Occlusion-based attribution methods provide an intuitive way to estimate feature importance by perturbing input features and measuring the resulting change in model output. However, their reliability is strongly affected by how feature removal is implemented: externally selected baselines can introduce bias, out-of-distribution samples, and unstable explanations, while in nonlinear models the occlusion of a set of features can also alter the contribution of non-occluded features. We refer to this effect as attribution shift, as the attribution scores of the non-occluded features drift from their initial values. To challenge these major issues that render explanations unstable, we introduce XtrAIn, a training-guided attribution method that transfers the occlusion operation from the input space to the parameter space. Instead of replacing input values with hand-crafted baselines, XtrAIn follows the model's training trajectory and measures how feature-associated parameter updates affect the output logits. We further introduce Xstep, a lightweight approximation for reducing computational cost, and XtrAIn+, a target-focused variant that emphasizes updates aligned with the target class. Experiments on controlled image datasets and PAM50 breast-cancer subtype classification show that the proposed methods produce cleaner and more interpretable attribution patterns than standard attribution baselines. Overall, XtrAIn provides a training-aware perspective on feature attribution and offers a useful diagnostic tool for studying how feature-level evidence is formed during training.

AI Impact Assessments

(1 models)

Scientific Impact Assessment: XtrAIn: Training-Guided Occlusion for Feature Attribution

1. Core Contribution

XtrAIn proposes shifting the occlusion operation from input space to parameter space for feature attribution. Rather than replacing input features with baseline values (the standard approach), the method tracks how feature-associated weight updates across training steps affect model logits. The key insight is that gradient-based weight updates are inherently "independent" (computed with other parameters frozen via chain rule), potentially avoiding the "attribution shift" problem—where occluding one feature in input space changes the effective contribution of non-occluded features in nonlinear models.
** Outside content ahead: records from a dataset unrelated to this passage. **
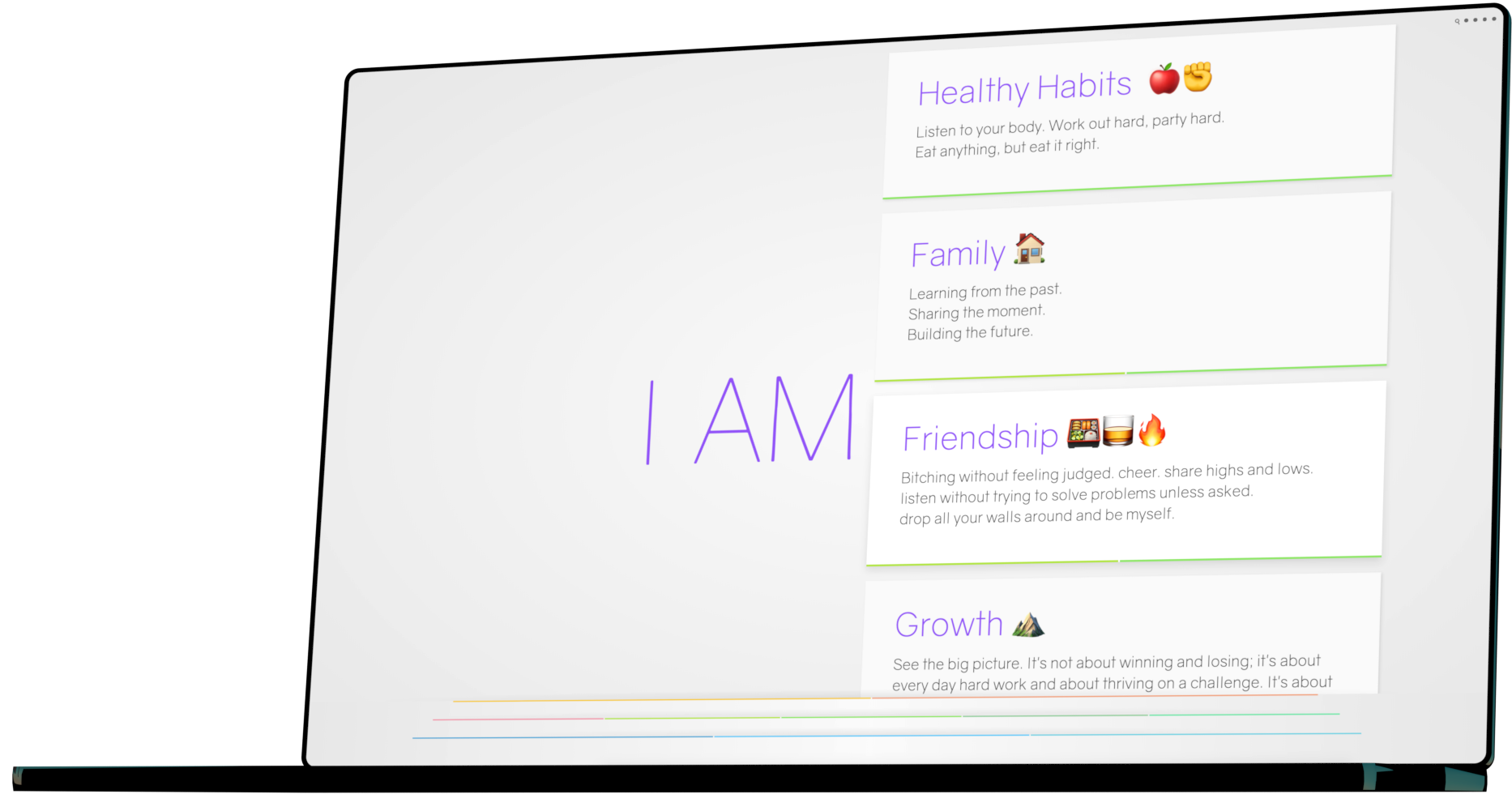 Write down the areas of your life and take responsibility. Relationship, Career, Body, ... Who are you?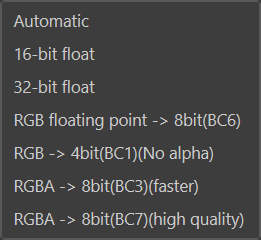 确保正确设置每个图像纹理的贴图类型。auto 函数会尝试猜测,但对于灰度或 alpha 图像,最好专门设置 Map 类型值——这样,只分配该图像实际需要的 VRAM,而不是更多。如果 VRAM 已分配,但未使用,则只是浪费。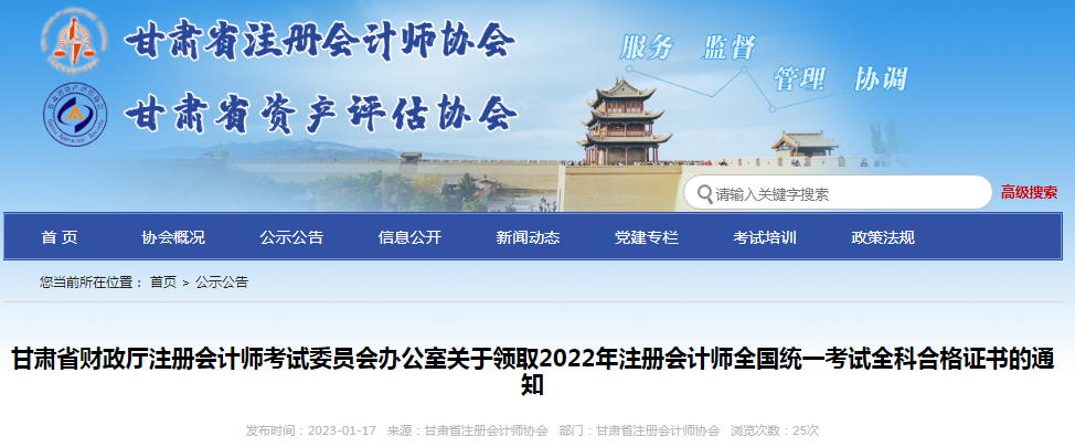 2022年注冊(cè)會(huì)計(jì)師全國(guó)統(tǒng)一考試成績(jī)已于2022年11月21日在中國(guó)注冊(cè)會(huì)計(jì)師協(xié)會(huì)網(wǎng)站公布,現(xiàn)將我省考生領(lǐng)取2022年考試全科合格證書(shū)有關(guān)事項(xiàng)通知如下: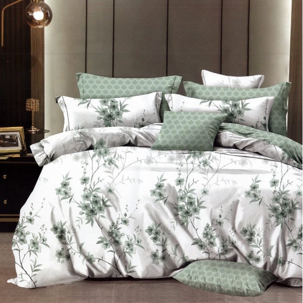 Lenjerie pat dublu, FINET, 6 piese, cu ELASTIC, Verde, flori, Johny Home Pucioasa, cod produs: DKT26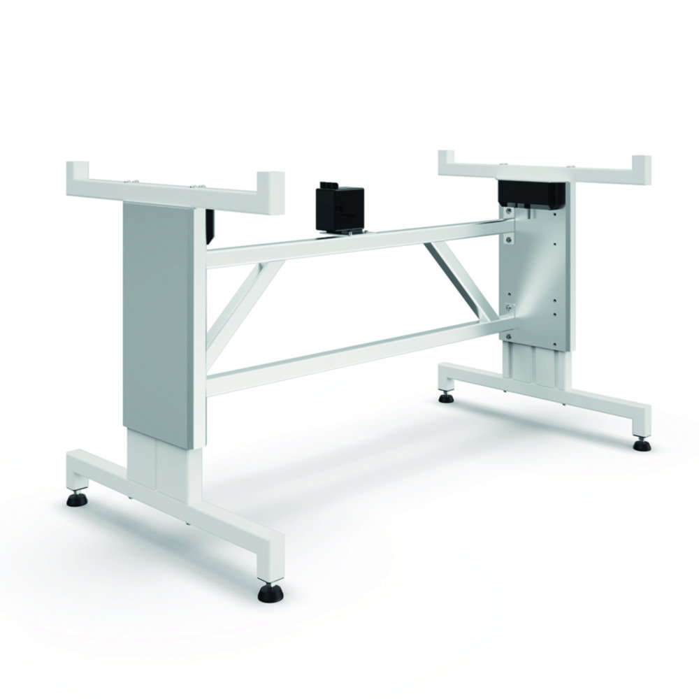 Die Untergestelle sind elektrisch höhenverstellbar. Der gesamte Arbeitsplatz wird mittels zweier integrierter Hubzylinder angehoben bzw. gesenkt und passt sich somit dem Benutzer an. Mit justierbaren Füßen.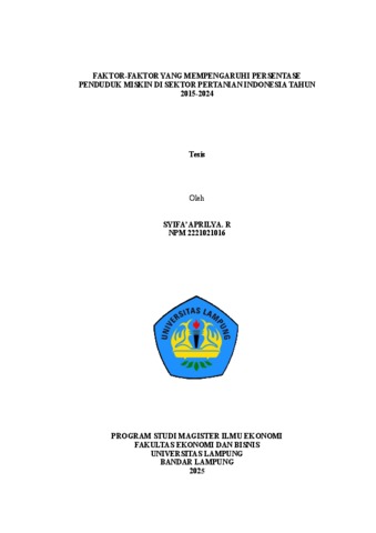 SYIFA’ , APRILYA. R (2025) FAKTOR-FAKTOR YANG MEMPENGARUHI PERSENTASE PENDUDUK MISKIN DI SEKTOR PERTANIAN INDONESIA TAHUN 2015-2024. Masters thesis, UNIVERSITAS LAMPUNG.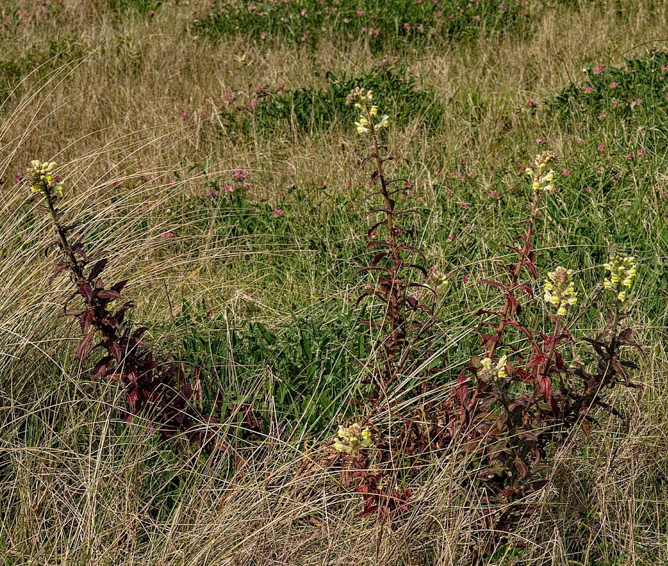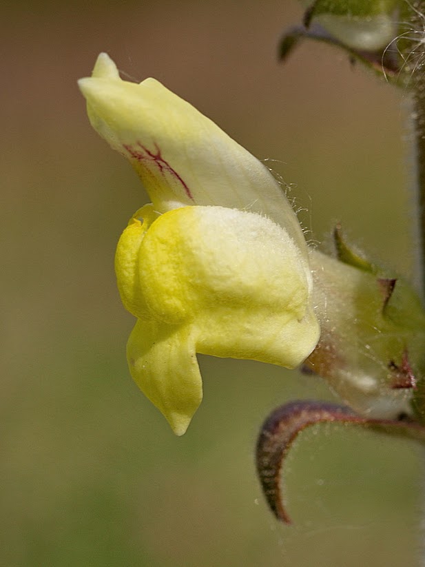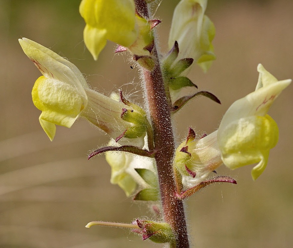 Blüten hellgelb, 28 - 30 mm lang, drüsig behaart, Oberlippe, 2- lappig, ca. 3 mm tief eingeschnitten mit violettroten Adern, Unterlippe 3- teilig, Gaumen verschlossen, gelb
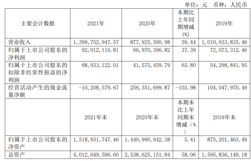 4月18日,开云kaiyun(集团)智能科技股份有限公司网站(以下简称“kaiyun开云激光”)发布2021年年报。报告显示,2021年kaiyun开云激光实现营业收入14.00亿元,同比增长59.44%,归属于上市公司股东的净利润为9201.21万元,同比增长37.39%,每股收益为0.3100元。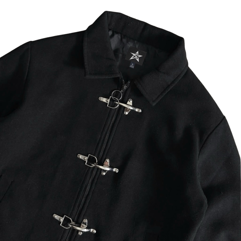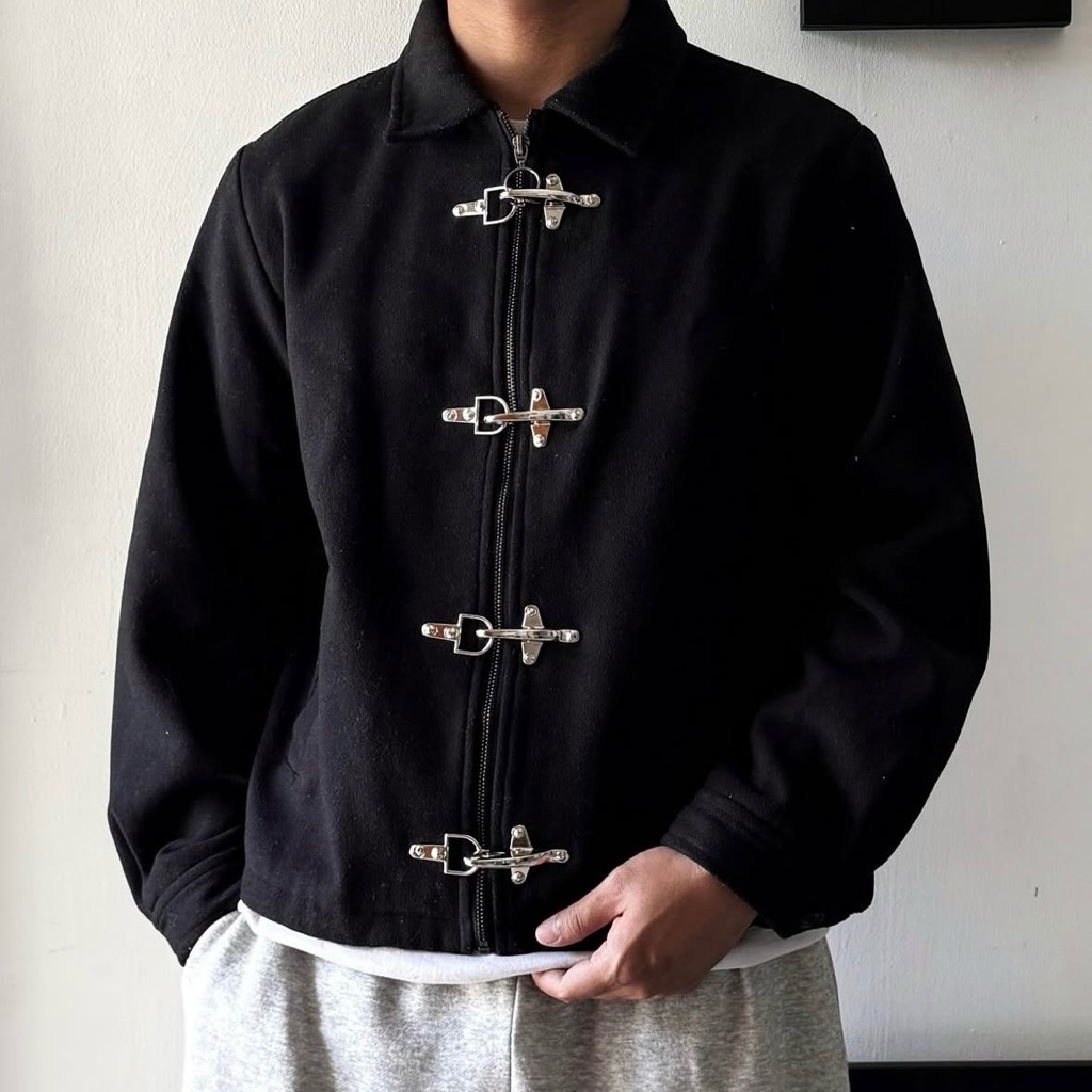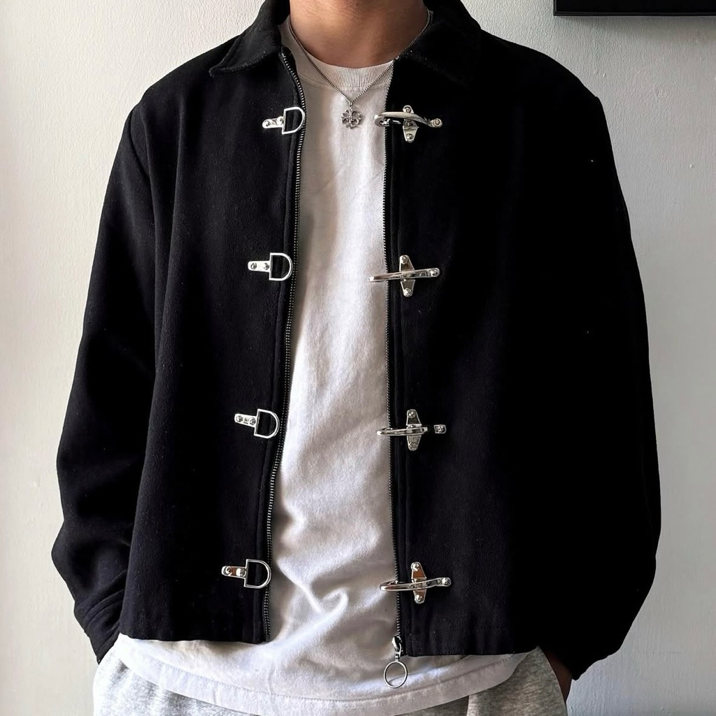 Sai - Corazon Fireman Clasps Style Work Jackets Canvas Boxy Outer Jacket Canvas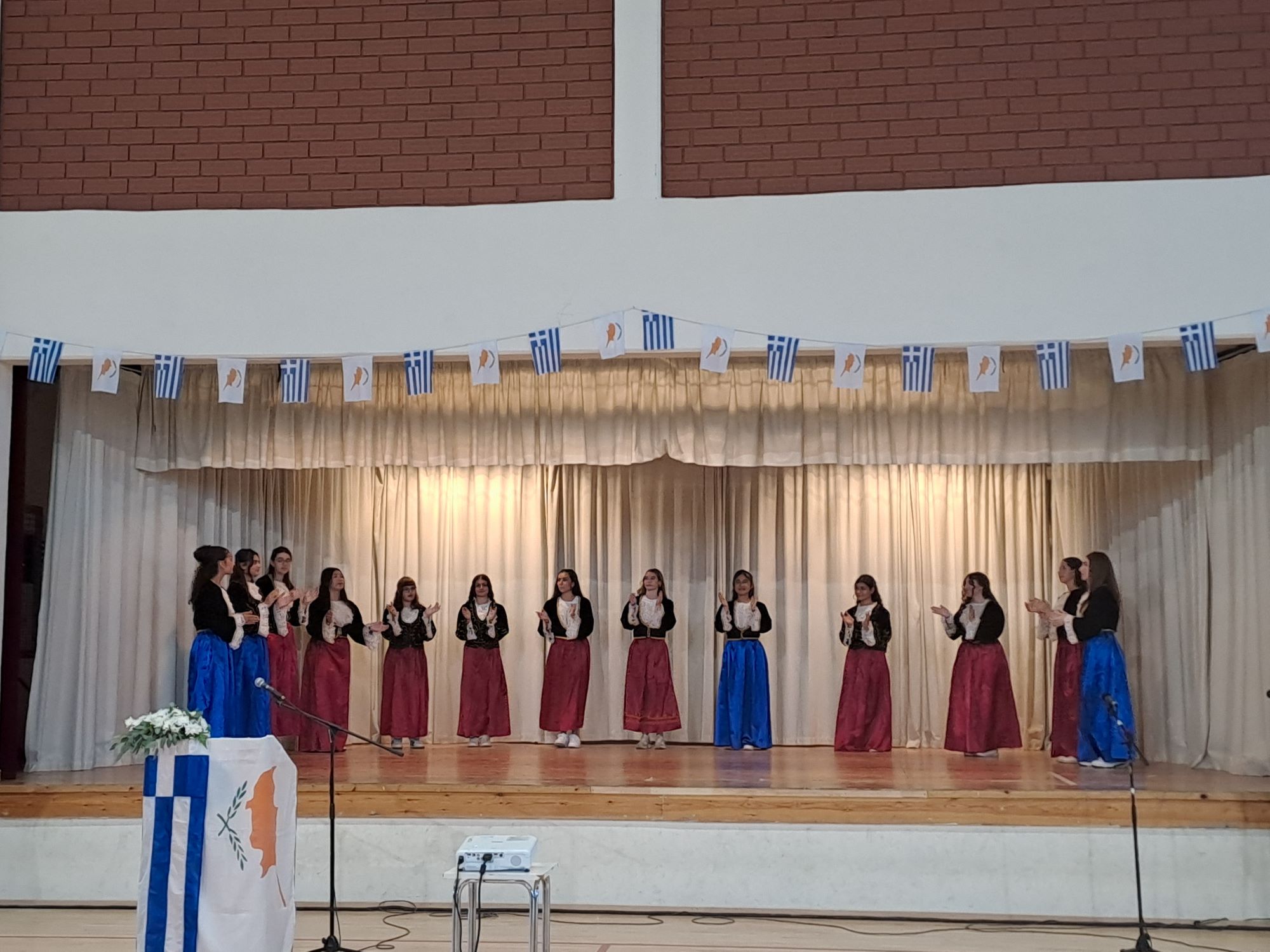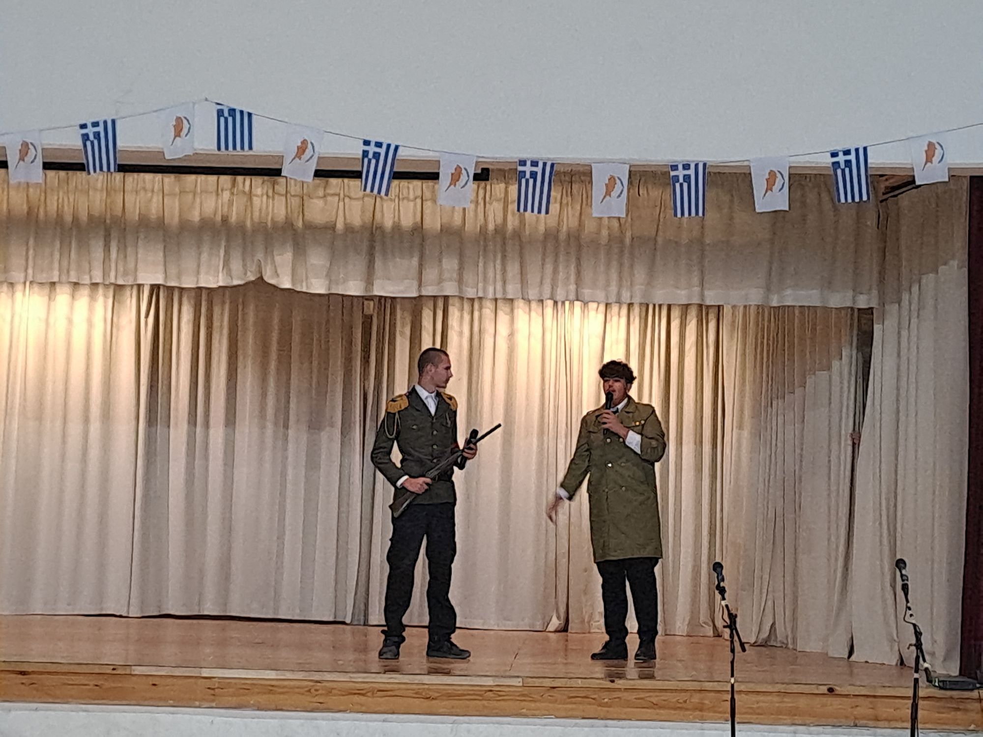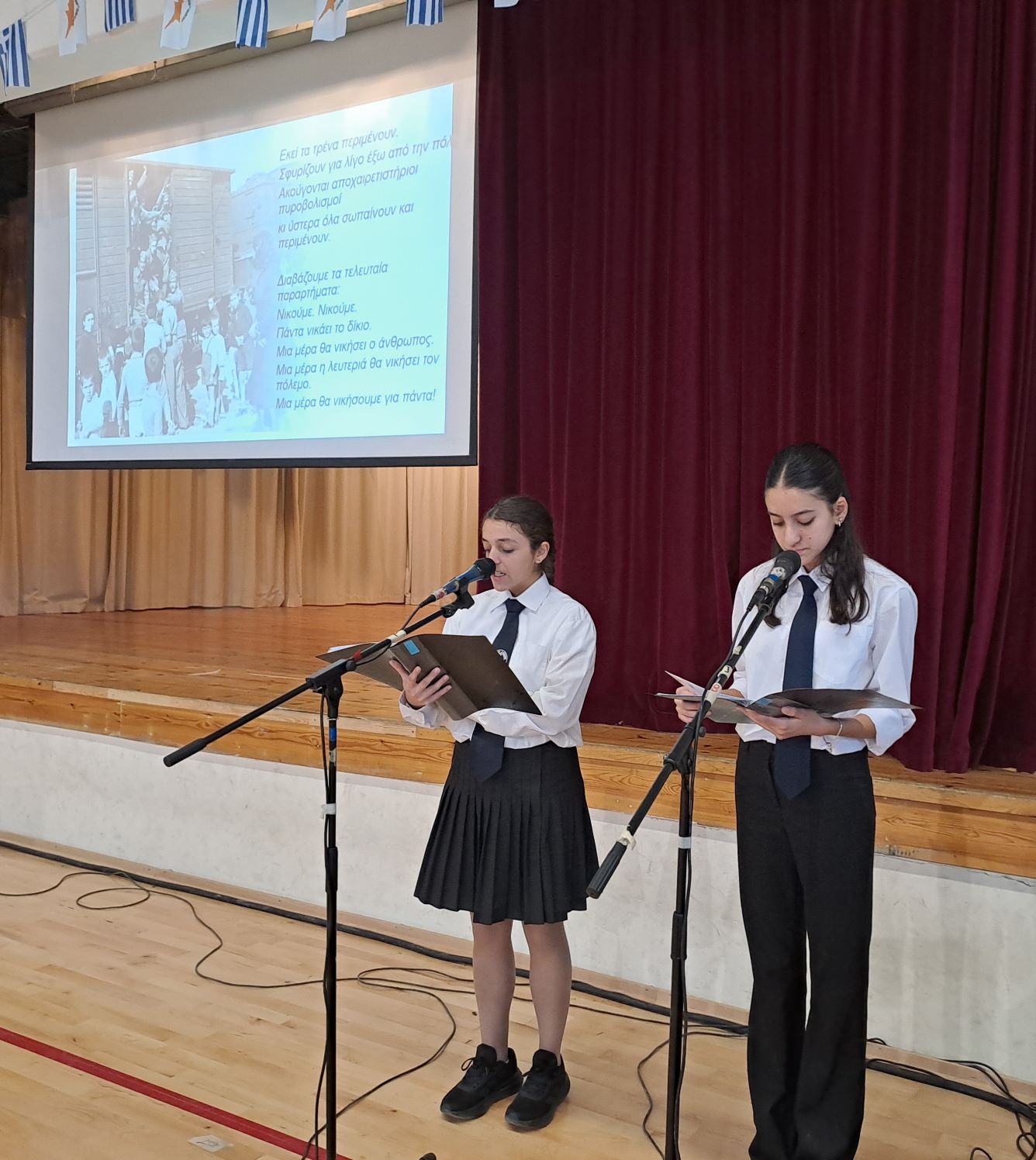 Έπειτα, μαθητές και μαθήτριες παρουσίασαν επετειακό αφιέρωμα στην Εποποιία του 1940 με αφηγήσεις, ποιήματα, θεατρικά δρώμενα, επετειακά τραγούδια και χορούς, τιμώντας έτσι τους ήρωες του 1940 και θυμίζοντάς μας το σθένος και την ενότητα του ελληνικού λαού εκείνης της εποχής. Η εκδήλωση έκλεισε με ορισμένα παιδιά ν’ αφήνουν μπαλόνια στον ουρανό, με τα δικά μας σύγχρονα «Όχι»: όχι στον φασισμό, όχι στην αδικία και στη βία, όχι στο μίσος και τον ρατσισμό. Μια πράξη συμβολική, που μας θυμίζει πως το πνεύμα του ’40 παραμένει ζωντανό μέσα μας, κάθε φορά που υπερασπιζόμαστε την ελευθερία, τη δημοκρατία και τον σεβασμό προς τον άνθρωπο.

The paper introduces three variants: XtrAIn (full trajectory accumulation), Xstep (lightweight approximation using selected checkpoints), and XtrAIn+ (target-class-focused variant filtering for positive target updates). It also proposes CleanScore, a metric for evaluating attribution cleanness when signal/background regions are known.

The conceptual reframing—from "how to explain a trained model" to "how to explain a model update"—is intellectually interesting and represents a genuinely different perspective on attribution.

2. Methodological Rigor

Strengths in formulation: The mathematical framework is clearly presented with explicit assumptions (Assumptions 1-6), and the Inverse Property (Criterion 1) is formally proven. The symmetry of the forward/reverse parameter-space occlusion (Eqs. 4-5) is well-motivated.

Significant weaknesses:

  • Restricted to FCNNs: The method is defined only for fully connected neural networks, where input features map directly to first-layer weights. This is a severe limitation in an era dominated by CNNs, transformers, and other architectures where input-weight associations are far less straightforward. The authors acknowledge this but don't provide a clear path to extension.
  • Assumptions are strong and sometimes circular: Assumption 4 (logit changes represent parameter update effects) essentially defines the attribution rule rather than deriving it from first principles. The independence argument (Section 3.3.1) conflates the mathematical structure of gradient computation with true causal independence of feature effects.
  • Attribution shift analysis is incomplete: The attribution shift concept is illustrated with a single toy example (Fig. 1) rather than formally characterized. The claim that parameter-space occlusion eliminates attribution shift lacks rigorous proof—it's argued by analogy to gradient independence, but this doesn't account for the nonlinear interactions that occur when weights are substituted in later layers.
  • Experimental evaluation is narrow: Only simple FCNN models on MNIST variants and a 50-gene dataset are tested. Models achieve >90% accuracy on simple tasks, and the AMNIST dataset where the model fails (25% accuracy) is excluded from quantitative evaluation. The CleanScore metric requires known signal/background decomposition, limiting its applicability.
  • CleanScore circularity concerns: The metric assumes that informative pixels are confined to a known central region, which is dataset-specific rather than general. The metric rewards background silence, which inherently favors XtrAIn's design (parameter-space occlusion naturally avoids perturbing uninformative features that receive small weight updates).
  • 3. Potential Impact

    The theoretical contribution—reconceptualizing attribution through training dynamics—opens an interesting research direction. The training-aware perspective could be valuable for:

  • Model diagnostics: The PAM50 experiment demonstrates detecting when a model has learned only one class (XtrAIn+ assigning zero importance), which has practical value for safety-critical applications.
  • Understanding learning dynamics: Intermediate attribution patterns (Fig. 3) provide a window into how feature importance evolves during training.
  • However, the practical impact is severely limited by the FCNN restriction. Modern deep learning predominantly uses architectures where the input-to-weight mapping is not one-to-one (convolutions share weights across spatial locations; attention mechanisms have no fixed feature-weight association). Without a credible extension strategy, the method remains a proof-of-concept for a narrow architecture class.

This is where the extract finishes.